The 2018 year brings another Valentine’s Day (V-Day), to your doorstep. This year’s V-Day happens to fall on a Wednesday, hump-day no less. Now it’s not lost on me that this day can either bring you happiness or sadness! Trust me, I know both sides of this coin all too well. Nevertheless, you are most likely thinking about your V-Day plans and those long stem red roses. Or maybe, you don’t have a date on V-Day. No matter, you love the outdoors and you’ve have already made camping plans on the beach in Galveston and the weather looks great. As the clock counts down, you can’t wait to get out of the city. You check the day and time but alas, it’s still the beginning of the week. You start thinking back to high school in hopes that someone would pull the fire alarm.
A job is like a date for V-Day. You have expectations for your date. You let your date in your world because of all the welcome attention, but deep down it’s not really what you want nor is it where you wish to spend precious energy. In fact, if you are not happy with the relationship then you are most likely on the lookout for the next best thing. To be clear, if you have a job, your feelings towards it will not change. Allow me to explain… If you are lucky enough to have a date on V-Day, you have a week’s distraction at best. How you felt the day before and how you will feel the very next day, will not change. A simple question to ask yourself would be: Am I in love with my job? If your answer is YES, I am extremely happy for you, you’ve found true love. However, if your answer is NO, then we need to have a heart-to-heart talk.
You have a love/hate relationship when it comes to your current employment or at least towards the kind of work you keep falling into. You hate what you do for the paycheck, but love the idea of a paycheck no matter what. Why is this? Well for starters, you may have agreed to all the job requirements on your first date with the employer. Like a real date, after meeting for a few minutes, the first impressions start to settle in. It is at this point you now know this might not be the perfect match for you. Rather than acknowledge that very important understanding, you decided to go with the more common approach… “I don’t want to hurt his/her feelings so I will just agree to everything they say.”.
Because you are not in love with what you do, this new relationship is on a one way road trip on Route 66 bound for Heartbreak Hotel. It’s only a matter of time before that thin line between love and hate breaks. Your dislikes will advise you to find a way to leave the job. This is done by you doing something crazy on purpose to get fired like stealing boxes on your day off or you up and quit without having another job in place. Worse yet, your date beats you to the punch and requests that you leave their presence. Now I know what you are thinking… Richard doesn’t have a warm, loving heart in his blog! Oh, but I do! I call it tough love with good news at the end.
Let me share with you an experience of mine. Looking back, my mom would often request I leave her sight, mainly because I never did my chores correctly. Washed dishes were riddled with food residue and moped floors still had crumbs in the corners. Mom would rhetorically state, “RICHARD, if you cannot do it correct at home, how can you expect to get it correct at a real job?” I would then look around and say, “Mom, it looks clean; I did my best.” “Is that so? Boy, your best would get us all fired on the spot! Remind me why I’m giving you allowance again?”
She really made me think about taking pride in my work but also the need to fall in love with the right kind of work for me. Cleaning wasn’t my thing or so I thought. Turns out, I am great at organizing clutter and I love a great transformation. Mom quickly took me off kitchen duties and moved me into the garage and closets.
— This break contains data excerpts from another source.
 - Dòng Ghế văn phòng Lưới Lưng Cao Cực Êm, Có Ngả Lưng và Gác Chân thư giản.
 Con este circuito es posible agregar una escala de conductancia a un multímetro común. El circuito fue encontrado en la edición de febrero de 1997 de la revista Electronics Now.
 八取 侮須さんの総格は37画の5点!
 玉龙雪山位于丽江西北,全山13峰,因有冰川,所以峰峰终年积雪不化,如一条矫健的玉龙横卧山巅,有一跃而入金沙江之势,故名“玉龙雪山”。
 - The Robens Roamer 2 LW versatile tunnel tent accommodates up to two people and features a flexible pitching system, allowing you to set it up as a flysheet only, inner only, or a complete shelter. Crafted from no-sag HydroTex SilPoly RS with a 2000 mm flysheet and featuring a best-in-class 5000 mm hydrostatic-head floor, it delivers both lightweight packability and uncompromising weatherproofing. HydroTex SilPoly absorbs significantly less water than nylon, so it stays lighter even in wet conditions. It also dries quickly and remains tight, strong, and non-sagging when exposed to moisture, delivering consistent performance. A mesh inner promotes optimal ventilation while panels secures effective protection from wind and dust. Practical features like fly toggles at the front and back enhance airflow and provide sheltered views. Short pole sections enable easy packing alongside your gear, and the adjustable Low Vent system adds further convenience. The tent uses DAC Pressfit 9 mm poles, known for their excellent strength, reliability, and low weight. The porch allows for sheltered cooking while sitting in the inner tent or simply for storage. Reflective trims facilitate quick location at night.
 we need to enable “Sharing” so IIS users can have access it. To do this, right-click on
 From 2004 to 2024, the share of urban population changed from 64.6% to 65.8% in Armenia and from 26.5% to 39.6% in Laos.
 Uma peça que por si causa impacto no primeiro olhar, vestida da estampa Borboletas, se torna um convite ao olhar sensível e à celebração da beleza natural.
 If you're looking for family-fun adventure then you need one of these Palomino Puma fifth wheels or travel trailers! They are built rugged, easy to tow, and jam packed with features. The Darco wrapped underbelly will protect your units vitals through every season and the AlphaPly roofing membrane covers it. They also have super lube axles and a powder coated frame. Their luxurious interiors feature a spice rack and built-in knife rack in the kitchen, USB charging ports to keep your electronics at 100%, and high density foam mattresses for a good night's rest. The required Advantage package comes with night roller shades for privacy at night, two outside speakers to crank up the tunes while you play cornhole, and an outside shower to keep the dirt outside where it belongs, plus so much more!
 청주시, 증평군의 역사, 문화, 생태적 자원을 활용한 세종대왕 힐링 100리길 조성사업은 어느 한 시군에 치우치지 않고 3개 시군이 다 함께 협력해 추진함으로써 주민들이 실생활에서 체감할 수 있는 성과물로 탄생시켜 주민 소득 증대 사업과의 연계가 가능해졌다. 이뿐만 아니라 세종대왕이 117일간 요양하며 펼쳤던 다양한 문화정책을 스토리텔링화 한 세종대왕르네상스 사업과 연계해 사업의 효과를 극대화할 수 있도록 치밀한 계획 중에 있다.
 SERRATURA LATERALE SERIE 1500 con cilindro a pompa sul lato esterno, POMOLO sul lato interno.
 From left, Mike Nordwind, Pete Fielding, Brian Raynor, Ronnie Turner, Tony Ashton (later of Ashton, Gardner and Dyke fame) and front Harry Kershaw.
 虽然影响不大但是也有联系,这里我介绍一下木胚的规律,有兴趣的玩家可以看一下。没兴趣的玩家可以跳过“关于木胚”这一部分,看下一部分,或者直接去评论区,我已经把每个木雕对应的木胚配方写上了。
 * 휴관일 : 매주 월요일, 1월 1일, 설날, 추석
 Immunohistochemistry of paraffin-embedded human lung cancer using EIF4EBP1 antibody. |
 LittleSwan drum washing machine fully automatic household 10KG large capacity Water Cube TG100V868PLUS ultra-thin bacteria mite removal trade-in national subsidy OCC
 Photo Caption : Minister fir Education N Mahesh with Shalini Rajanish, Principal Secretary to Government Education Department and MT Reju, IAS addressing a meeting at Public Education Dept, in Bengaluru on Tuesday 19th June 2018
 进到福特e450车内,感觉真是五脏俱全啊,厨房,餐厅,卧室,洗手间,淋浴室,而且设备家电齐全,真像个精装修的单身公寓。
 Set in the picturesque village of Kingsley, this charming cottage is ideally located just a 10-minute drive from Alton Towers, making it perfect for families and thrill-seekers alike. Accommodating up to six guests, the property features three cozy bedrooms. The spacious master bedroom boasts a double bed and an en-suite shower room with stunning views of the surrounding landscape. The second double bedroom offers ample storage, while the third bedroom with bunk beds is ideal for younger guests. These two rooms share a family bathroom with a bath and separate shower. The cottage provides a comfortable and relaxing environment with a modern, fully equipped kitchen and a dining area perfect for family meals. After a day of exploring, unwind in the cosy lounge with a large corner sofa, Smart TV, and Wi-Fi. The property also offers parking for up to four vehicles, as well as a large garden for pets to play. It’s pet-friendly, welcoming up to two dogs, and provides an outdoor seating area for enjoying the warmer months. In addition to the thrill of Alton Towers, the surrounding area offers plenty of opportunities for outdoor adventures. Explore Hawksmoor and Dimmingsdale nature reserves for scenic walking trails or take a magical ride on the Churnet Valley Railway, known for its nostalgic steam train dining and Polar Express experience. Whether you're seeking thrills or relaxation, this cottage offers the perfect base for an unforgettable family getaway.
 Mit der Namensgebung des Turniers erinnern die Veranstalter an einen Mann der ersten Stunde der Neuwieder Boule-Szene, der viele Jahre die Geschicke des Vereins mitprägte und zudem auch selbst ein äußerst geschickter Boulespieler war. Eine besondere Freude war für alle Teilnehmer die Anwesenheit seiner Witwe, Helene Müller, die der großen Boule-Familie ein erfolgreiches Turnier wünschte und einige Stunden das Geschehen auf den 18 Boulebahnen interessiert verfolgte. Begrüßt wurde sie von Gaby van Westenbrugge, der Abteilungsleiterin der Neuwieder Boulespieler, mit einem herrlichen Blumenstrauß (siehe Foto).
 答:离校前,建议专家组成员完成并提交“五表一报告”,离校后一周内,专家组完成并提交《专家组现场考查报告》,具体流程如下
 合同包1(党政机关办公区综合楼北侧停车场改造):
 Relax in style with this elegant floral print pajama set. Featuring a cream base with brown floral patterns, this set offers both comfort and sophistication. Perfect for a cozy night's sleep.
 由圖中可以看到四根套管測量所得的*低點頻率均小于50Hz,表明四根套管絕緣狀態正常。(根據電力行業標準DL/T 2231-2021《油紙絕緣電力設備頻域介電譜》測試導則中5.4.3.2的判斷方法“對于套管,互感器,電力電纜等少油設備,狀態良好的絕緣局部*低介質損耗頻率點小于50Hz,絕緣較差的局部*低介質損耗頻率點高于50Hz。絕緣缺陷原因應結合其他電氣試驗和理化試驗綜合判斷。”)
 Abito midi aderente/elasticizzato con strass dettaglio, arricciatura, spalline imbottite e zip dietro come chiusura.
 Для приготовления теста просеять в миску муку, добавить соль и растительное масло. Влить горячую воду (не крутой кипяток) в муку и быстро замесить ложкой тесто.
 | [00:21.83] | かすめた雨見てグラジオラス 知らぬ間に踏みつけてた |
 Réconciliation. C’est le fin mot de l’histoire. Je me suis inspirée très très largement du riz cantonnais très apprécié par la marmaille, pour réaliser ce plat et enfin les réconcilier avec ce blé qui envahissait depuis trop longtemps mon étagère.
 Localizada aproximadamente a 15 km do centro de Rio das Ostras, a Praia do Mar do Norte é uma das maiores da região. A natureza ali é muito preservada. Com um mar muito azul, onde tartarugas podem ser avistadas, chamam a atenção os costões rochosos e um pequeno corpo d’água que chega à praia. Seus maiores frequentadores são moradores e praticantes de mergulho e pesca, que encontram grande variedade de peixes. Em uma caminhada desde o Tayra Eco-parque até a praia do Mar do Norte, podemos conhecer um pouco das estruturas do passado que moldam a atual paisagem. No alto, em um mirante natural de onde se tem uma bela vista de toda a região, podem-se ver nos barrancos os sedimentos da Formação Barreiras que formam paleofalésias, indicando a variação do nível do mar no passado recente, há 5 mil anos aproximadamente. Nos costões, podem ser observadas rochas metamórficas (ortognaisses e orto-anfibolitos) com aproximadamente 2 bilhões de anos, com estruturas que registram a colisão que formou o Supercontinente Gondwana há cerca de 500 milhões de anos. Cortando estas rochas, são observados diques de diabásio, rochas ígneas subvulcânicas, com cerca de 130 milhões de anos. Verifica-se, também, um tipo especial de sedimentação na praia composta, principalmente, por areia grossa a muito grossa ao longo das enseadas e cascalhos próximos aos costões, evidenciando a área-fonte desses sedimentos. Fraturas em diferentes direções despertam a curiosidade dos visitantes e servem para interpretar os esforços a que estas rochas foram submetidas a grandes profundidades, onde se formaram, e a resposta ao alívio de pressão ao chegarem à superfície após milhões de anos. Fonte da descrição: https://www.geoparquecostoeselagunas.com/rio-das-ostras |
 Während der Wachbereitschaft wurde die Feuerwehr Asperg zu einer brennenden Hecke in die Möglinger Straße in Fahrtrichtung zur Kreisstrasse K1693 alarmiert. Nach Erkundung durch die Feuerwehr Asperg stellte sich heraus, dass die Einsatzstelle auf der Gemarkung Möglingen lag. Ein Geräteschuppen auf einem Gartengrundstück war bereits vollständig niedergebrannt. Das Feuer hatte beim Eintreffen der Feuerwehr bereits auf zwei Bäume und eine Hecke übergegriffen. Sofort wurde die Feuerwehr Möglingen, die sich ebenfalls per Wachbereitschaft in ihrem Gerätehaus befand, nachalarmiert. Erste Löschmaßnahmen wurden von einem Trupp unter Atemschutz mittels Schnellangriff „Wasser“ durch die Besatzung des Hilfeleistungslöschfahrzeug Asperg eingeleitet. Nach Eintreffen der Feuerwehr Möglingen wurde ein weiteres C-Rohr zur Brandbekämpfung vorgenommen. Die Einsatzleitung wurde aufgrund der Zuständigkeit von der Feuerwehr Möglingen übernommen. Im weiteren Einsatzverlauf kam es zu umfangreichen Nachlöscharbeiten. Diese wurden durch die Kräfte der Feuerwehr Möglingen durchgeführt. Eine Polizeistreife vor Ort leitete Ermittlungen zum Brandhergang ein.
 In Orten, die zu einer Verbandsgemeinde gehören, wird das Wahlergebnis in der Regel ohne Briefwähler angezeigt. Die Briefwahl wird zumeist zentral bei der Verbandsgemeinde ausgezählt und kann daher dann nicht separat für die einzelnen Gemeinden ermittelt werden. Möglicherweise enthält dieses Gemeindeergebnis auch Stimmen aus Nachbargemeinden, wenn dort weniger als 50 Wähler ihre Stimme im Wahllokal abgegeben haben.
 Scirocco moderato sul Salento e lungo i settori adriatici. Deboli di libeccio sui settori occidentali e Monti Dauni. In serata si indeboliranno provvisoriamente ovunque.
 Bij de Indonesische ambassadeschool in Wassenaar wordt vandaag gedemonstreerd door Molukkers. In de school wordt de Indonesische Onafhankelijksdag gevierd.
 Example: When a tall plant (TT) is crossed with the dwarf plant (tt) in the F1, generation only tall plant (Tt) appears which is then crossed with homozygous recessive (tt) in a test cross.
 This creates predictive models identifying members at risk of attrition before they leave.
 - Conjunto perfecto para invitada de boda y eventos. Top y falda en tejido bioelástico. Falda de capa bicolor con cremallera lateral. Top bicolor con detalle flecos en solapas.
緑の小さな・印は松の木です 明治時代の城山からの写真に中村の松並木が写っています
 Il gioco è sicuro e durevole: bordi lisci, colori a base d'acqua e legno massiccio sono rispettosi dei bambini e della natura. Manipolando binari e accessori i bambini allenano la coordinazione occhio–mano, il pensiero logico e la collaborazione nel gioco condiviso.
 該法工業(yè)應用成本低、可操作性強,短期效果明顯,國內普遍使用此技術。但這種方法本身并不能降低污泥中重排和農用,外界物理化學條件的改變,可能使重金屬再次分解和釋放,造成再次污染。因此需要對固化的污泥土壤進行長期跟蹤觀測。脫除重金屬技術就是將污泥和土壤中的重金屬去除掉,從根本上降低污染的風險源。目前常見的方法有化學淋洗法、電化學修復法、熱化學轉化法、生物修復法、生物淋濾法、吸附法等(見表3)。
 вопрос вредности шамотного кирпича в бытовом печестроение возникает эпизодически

Knowing how to sell my talents to my Mom was the key to her heart. However, to touch an employer’s heart, you will need to show more love towards your resume. How, you ask? When you read a job description it will describe the duties and abilities needed for that position. You will then discover you may or may not be a match. If the job doesn’t speak to your heart, then find one that does. Do not apply for a job just because it’s available. Reflect back on your abilities and achievements. Your resume should always sell the best qualities in you as it pertains to the job description. Try it; you never know… the next job or date you go on could be a match made in the stars. And remember, if you can learn to fall in love with your resume, the world will learn to fall in love with you! The love of your life (that dream career), is waiting for you so do not ignore what is meant for you!
Richard Prather is a bi-lingual Regional Facilitator for Workforce Solutions. Richard combines 3 years of experience at Workforce Solutions with his Master’s degree, diverse experiences traveling abroad, and commitment to excellence in customer service to provide training to both customers and staff throughout the 13 counties of the Gulf Coast Region.